FINRA Employee Files Whistleblower Suit

MANHATTAN (CN) – A financial examiner claims in court that FINRA fired him for detecting a loophole that helps large broker-dealers duck SEC rules and undercapitalize themselves.
     Joseph Sciddurlo sued the Financial Industry Regulatory Authority, or FINRA, and its Chairman Richard Ketchum in Federal Court.
     Sciddurlo joined FINRA as a financial examiner in May 2007, and he was promoted a year later to a Level 47 principal examiner for the New York Region, he says in his complaint.

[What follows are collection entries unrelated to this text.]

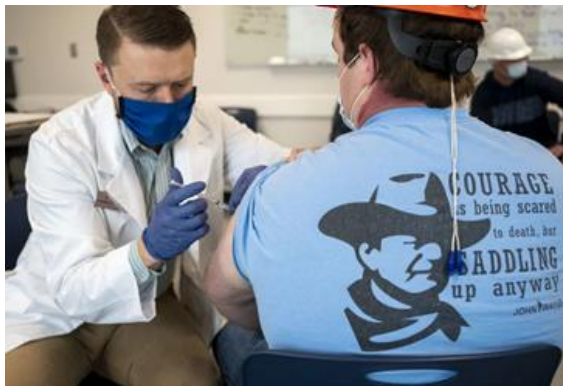
Un farmacéutico pone una vacuna contra la COVID-19 a un trabajador en una planta de procesamiento de la ciudad de Arkansas, Kansas, el 5 de marzo.

Los índices de vacunación de mayores de 65 años en condados urbanos rebasan los rurales en todos los estados para los que hay datos completos, exceptuando siete, según la radio pública nacional . Las más grandes desigualdades están en Nebraska, Massachusetts y Louisiana.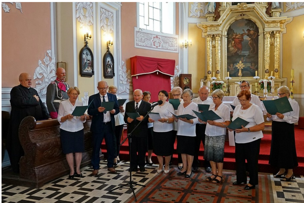
Występ seniorów w kościele w Oleksowie - 190 rocznica Bitwy pod Gniewoszowem (08.08.2021 r.)

W roku 2021 członkowie Klubu SENIOR+ wzięli udział w akcji zbierania nakrętek dla dzieci potrzebujących.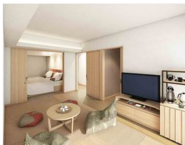
露天風呂付き和洋室 (客室)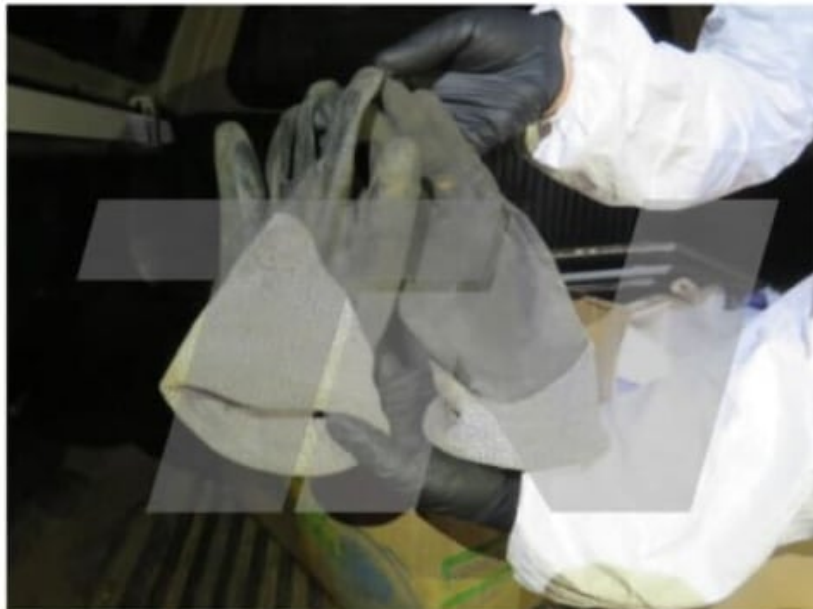
Fotografía N°7 Y 8: Fotografía en plano medio de los guantes color negro con gris, encontrados en la caja de cartón.-

La caja de la Ford Ranger también fue peritada.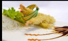
149. EBI TEMPURA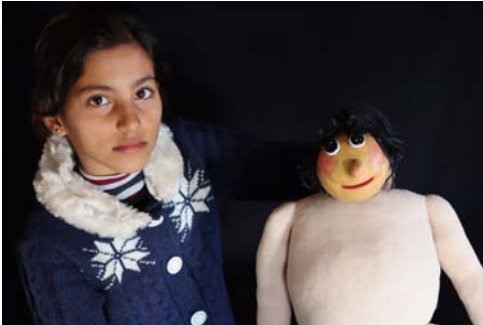
Atelier d'expression avec la marionnette

Le centre d'accueil de l'association est installé dans une zone rurale où les enfants réfugiés syriens sont confrontés quotidiennement au racisme, victimes de nombreux actes de discrimination à l'école mais aussi dans la rue.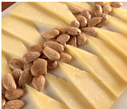
Bandeja queso Cortados

Sin jamón: Ración (500grs) 28,00€ 1/2Ración (250grs) 17,00€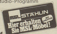
Bild: MSL-Studio-Programm beliebig zusammen- stellbar

Über Geschmack lässt sich streiten. Darum haben wir in unserer grossen Ausstellung ein umfangreiches Angebot in den verschiedensten Stilarten ausgestellt. Hier finden auch Sie das Möbel, welches Ihren besonderen Vorstellungen entspricht. Auch eine Riesenauswahl an Orient- und Spannteppichen, Polstergruppen, Lampen, Einbauschränken und allem, was zum Wohnen gehört, macht unsere Fabrik-Ausstellung sehenswert.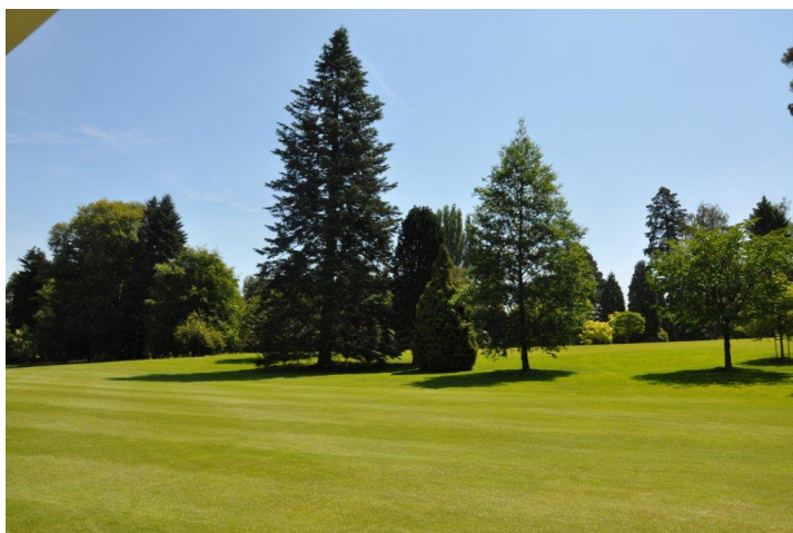
« L' Abies grandis , le pin arolle et le petit Chamæcyparis à droite du 1 avant la disparition du pin »

Avant et après l' Abies grandis , un érable argenté aux feuilles plus découpées ( Acer saccharinum f. laciniatum ) et un érable argenté ( Acer saccharinum ). Le premier est en face du negundo , le second au piquet des 150.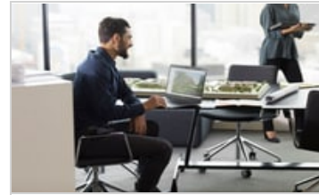
HP ZBook Studio x360 G5 Convertible Workstation, HP ZBook Studio G5 Mobile Workstation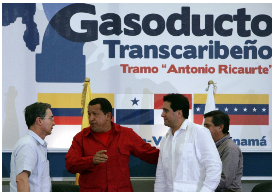
De izquierda a derecha, los presidentes Álvaro Uribe, de Colombia; Hugo Chávez, de Venezuela, y Martín Torrijos, de Panamá, durante la presentación del gasoducto Antonio Ricaurte, el 8 de julio de 2006, en Zulia, Venezuela

En ese momento se pactó que Colombia exportaría gas a Venezuela durante cuatro años, y luego compraría el gas de su vecino durante 16 años.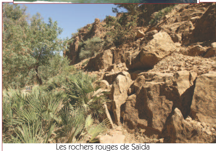
Les rochers rouges de Saïda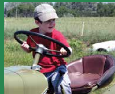
Emlékszik még rá valaki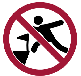
Invadir el terreno de juego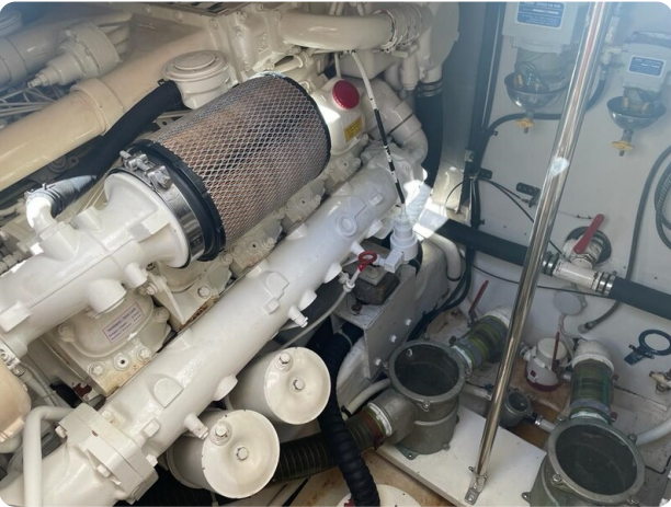
Sarnico 58 engine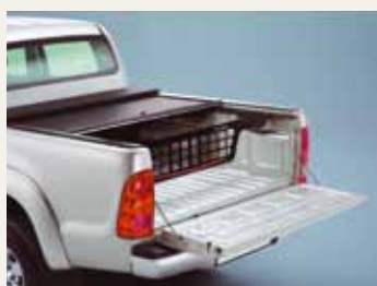
ROLETA Z OPCJONALNYM SYSTEMEM PODZIAŁU PRZESTRZENI ŁADUNKOWEJ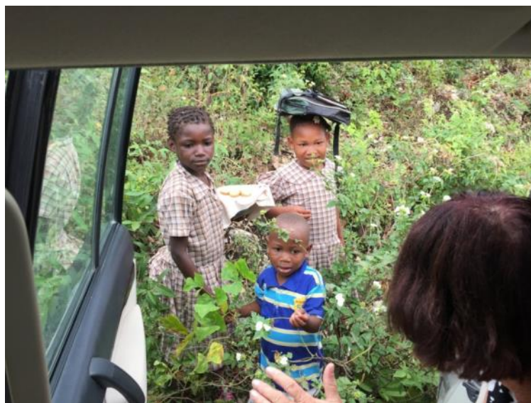
Au milieu de nulle part...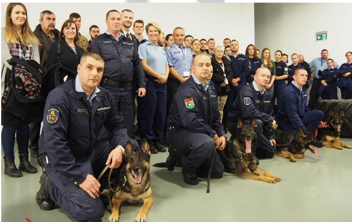
Bv-s szolgálati kutyás bemutató 77

Természetesen arra is mindig törekedtünk, hogy az egyes alkalmazások a rendvédelmi paletta külön szegmenseiből is megvilágításra kerüljenek. Ennek okán mindig voltak olyan külön alkalmak is, amikor „a BVOP Biztonsági Szolgálat szolgálati kutyák alkalmazási szakirányításával foglalkozó munkatársa és kollégái ismertették tevékenységük normaháttérét, elméletét, a kutyák kiképzésekor alkalmazott legújabb technikákat”. 76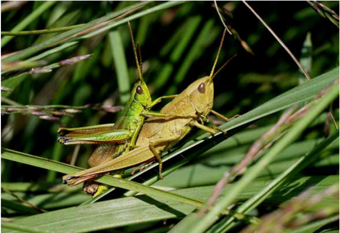
Chrysochraon dispar (Große Goldschrecke), Kopula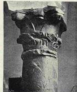
Capiteles visigodos de la Iglesia de Santa Eulalia—Fragmento de friso procedente de la Basílica de Santa Leocadia (Museo Arqueológico Nacional) Chapiteaux visigoths de l'Eglise de Sainte Eulalie—Fragment de frise de la Basilique de Sainte Leocadie (Museo Arqueológico Nacional)

     Sciddurlo claims he got high performance ratings his first two years on the job – until he “detected a flaw in the FINRA system, which allowed larger broker dealers to be overleveraged.”
     That flaw allowed broker-dealers to skirt SEC rule 15c3-1(a)(1), which prohibits them from leveraging 15 times more than their net capital.
     “Even though the SEC rules also allow broker-dealers with net capital of greater than $250,000 to be exempt for that regulation if their net capital exceeds 2 percent of customer receivables, from a rational and analytical perspective, a flaw was found to exist by the plaintiff for all broker-dealers filing under the Alternative Method of Net Capital, that would allow them to circumvent the SEC leverage limit of fifteen times the net capital and would allow large firms to leverage as much as they wanted,” the complaint states.
     Sciddurlo claims he made the discovery when devising the CAMELS project, at the urging of bosses who sought a better risk-rating methodology for broker dealers.
     “Further, plaintiff recommended a ‘quality of earnings’ check, which would raise a red flag on the Examiner’s Annual Audit Worksheet, whenever a broker-dealer’s cash flow from operations is less than 50 percent of reported net income to prevent re-occurrence of certain bankruptcies that had occurred in the past,” the complaint states.
     For this, he claims, his bosses downgraded him “suddenly and without justification” from a Level 4 rating of “high contributor” to a Level 3, “solid contributor.”
     “Upon being downgraded to a solid contributor and in February of 2011, the plaintiff requested to be transferred to the Cycle Department at FINRA, since he had taken the initiative to pass the ‘Securities Fraud’ course offered by the Association of Certified Fraud Examiners which makes Examiners more proficient in detecting Ponzi schemes,” the complaint states. “FINRA has been criticized for missing the massive multimillion and billion-dollar Ponzi schemes.
     “The plaintiff was without justification denied a transfer to the Cycle Department in February of 2011, even though FINRA Human Resource Department had assured the plaintiff that as a ‘Solid Contributor’ he was allowed to transfer positions.
     “In early 2011, the plaintiff was also warned by his superiors to stop using CAMELS or ‘Cash Flow Analysis’ even though his ‘Cash Flow Analysis’ correctly predicted the demise of a large broker-dealer in 2008.”
     This appears to be an allusion to Lehman Bros., whose shuttering triggered the global financial meltdown.
     Sciddurlo claims he told his bosses in an Aug. 29, 2008 email: “Lehman is the entity that most closely resembles Bear (Stearns),” according to a June 2011 story in The New York Post.
     Sciddurlo says in his complaint: “In April of 2011, and without any legitimate basis, the plaintiff was placed on probation, despite his excellent performance, evaluations and years of service to FINRA.”
     He says he was fired on May 17, 2011, a year before his pension vested.
     “[I]n addition to plaintiff, other older individuals at FINRA, including Hans Reich, was also fired. Hans Reich was replaced with younger and less experienced personnel,” according to the complaint.
     Sciddurlo demands $25 million in punitive damages for age discrimination, wrongful termination, violation of New York Labor Law and whistle-blower protections under the Dodd-Frank Act.
     He is represented by Marilyn Venterina with Sciretta & Venterina.